La politica non è rimasta indifferente a questa situazione di empasse: dal 14 settembre dello scorso anno è entrata in vigore una legge contro gli sprechi alimentari, approvata il 2 agosto in Senato. Un cammino iniziato, ormai, qualche anno fa,conclusosi con un testo che chiarisce e semplifica le modalità con le quali è possibile donare le eccedenze alimentari. Attraverso questa legge l’Italia si propone di dimezzare gli sprechi alimentari in dieci anni, superando i target definiti dall’Unione Europea per il 2020.

Ma al momento i dati rimangono allarmanti : la Coldiretti ha stimato che dei 12,5 miliardi di cibo che viene sprecato ogni anno, il 54% è legato al consumo domestico, il 21% al settore della ristorazione, il 15% nella GDO e l’8% nel settore agricolo. Secondo gli ultimi dati diffusi dall’Osservatorio nazionale Waste Watcher di Last Minute Market/Swg lo spreco di cibo nelle case italiane ammonta a circa 145 kg l’anno per famiglia, per un costo di 360 euro annui. Inoltre solo 6 italiani su 10 sono al corrente dell’esistenza della nuova legge sullo spreco, promossa dal Ministero dell’Ambiente nell’ambito della campagna ‘Spreco zero’, e il 90 % degli intervistati non conosce i contenuti di tale legge.
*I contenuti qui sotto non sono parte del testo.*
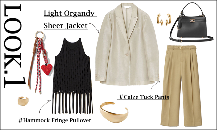 品がありつつもこなれ感を演出できる万能なライトオーガンジージャケットを主役に

Tra gli interventi più importanti della legge contro gli sprechi c’è la sburocratizzazione e lo snellimento delle procedure per chi vuole donare. Infatti i locali che vorranno consegnare cibo ad una Onlus non saranno più obbligati a doverlo comunicare in anticipo, ma potranno presentare una dichiarazione consuntiva a fine mese.  La legge apre inoltre ai Comuni la possibilità di prevedere sconti sulla tassa rifiuti per chi, invece di gettar via il cibo invenduto lo donerà.

I prossimi 3 e 4  marzo a Cremona saranno presenti le rappresentanze di oltre 30 Paesi del mondo per il convegno Sprechi alimentari: fattori contaminanti, incidenza sulla mortalità e gestione del rischio ’.

È evidente, quindi, che non si tratta più soltanto di una questione etica. Il danno causato dallo spreco di cibo coinvolge tanto il campo ambientale quanto quello economico. Un circolo vizioso che, se non verrà fermato quanto prima, porterà inevitabilmente a danni peggiori ed irreparabili. In questo contesto sembrano perfette le parole dell’astrofisico Hubert Reevesl’uomo è la specie più folle: venera un Dio invisibile e distrugge una natura visibile. Senza rendersi conto che la natura che sta distruggendo è quel Dio che sta venerando”.

Su  questa terra l’uomo  è un ospite e da tale dovrebbe rispettare e curare quella che sarà la casa delle future generazioni. Il punto focale è sempre lo stesso: ognuno di noi può fare la differenza. Magari comprando a chilometro zero per evitare l’inquinamento dei trasporti o limitando il più possibile gli spechi di cibo donando l’inutilizzato o portando a casa nelle famose “family bag” il cibo avanzato nei ristoranti. Uno sforzo minimo a costo zero.